Developing non-precious metal electrocatalysts is a important strategy for achieving sustainable hydrogen production from water electrolysis. Carbon-based transition metal dichalcogenides (TMDs) demonstrate a synergistic effect in hydrogen evolution reaction (HER) catalytic performance, ‌thereby exhibiting potential as cost-effective alternatives to platinum-group metals‌. However, it still suffers from many challenges that hinder their practical applications, primarily including insufficient exposure of active edge sites and substantial resistance to electron transport. Addressing these limitations requires the development of effective strategies to enhance active site density through controlled structural modulation. Herein, we demonstrate a two-step approach involving electrospinning followed by sulfurization heat treatment to fabricate a tungsten disulfide/carbon (WS2/C) composite HER catalytic electrode. Plasma treatment is utilized to effectively control the morphology of the composite structures. Characterization results reveal that WS2 nanosheets are vertically embedded in the surface of carbon fibers and are highly dispersed on the carbon fiber skeleton.
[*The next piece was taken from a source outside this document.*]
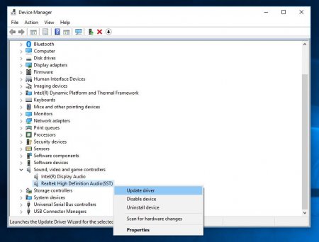 - затем нужно найти устройство, в имени которого содержится «SST», кликнуть на него правой кнопкой мыши и в появившемся меню выбрать пункт Update Driver («Обновить драйвер»);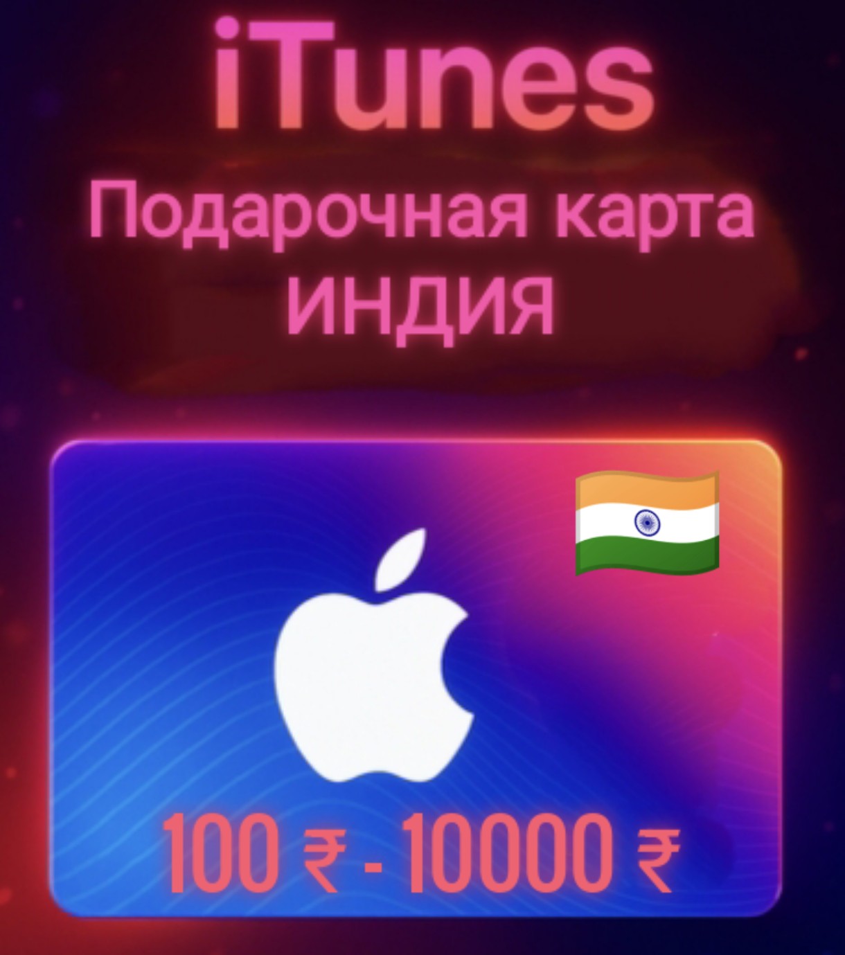 <Внимание>🍎 Подарочная карта Apple/iTunes от 100₹ до 10000 ₹ INR 🔑 (ИНДИЯ 🇮🇳)

The hybrid structure significantly increases the density of exposed edge active sites while providing fast electron transport pathways through the highly conductive basal planes of the nanosheets. Furthermore, the high specific surface area of the carbon fiber skeleton enhances porosity, facilitating mass transfer and diffusion during the catalytic process. Electrochemical results demonstrate that in acidic electrolyte, the WS2/C electrode exhibits an onset potential of –60 mV and a Tafel slope of 95 mV/dec. A carbon-based non-precious metal photovoltaic-driven hydrogen evolution system‌ is formed by connecting a carbon-based solar cell module ‌in series‌ with the water electrolysis cell. The corresponding solar-to-hydrogen conversion efficiency reaches 4.4%. These findings indicate that the carbon fiber skeleton and catalyst nanosheets can synergistically improve the catalytic activity of the WS2/C composite electrode, and provides reference for developing efficient, free-standing, non-precious metal HER catalytic materials.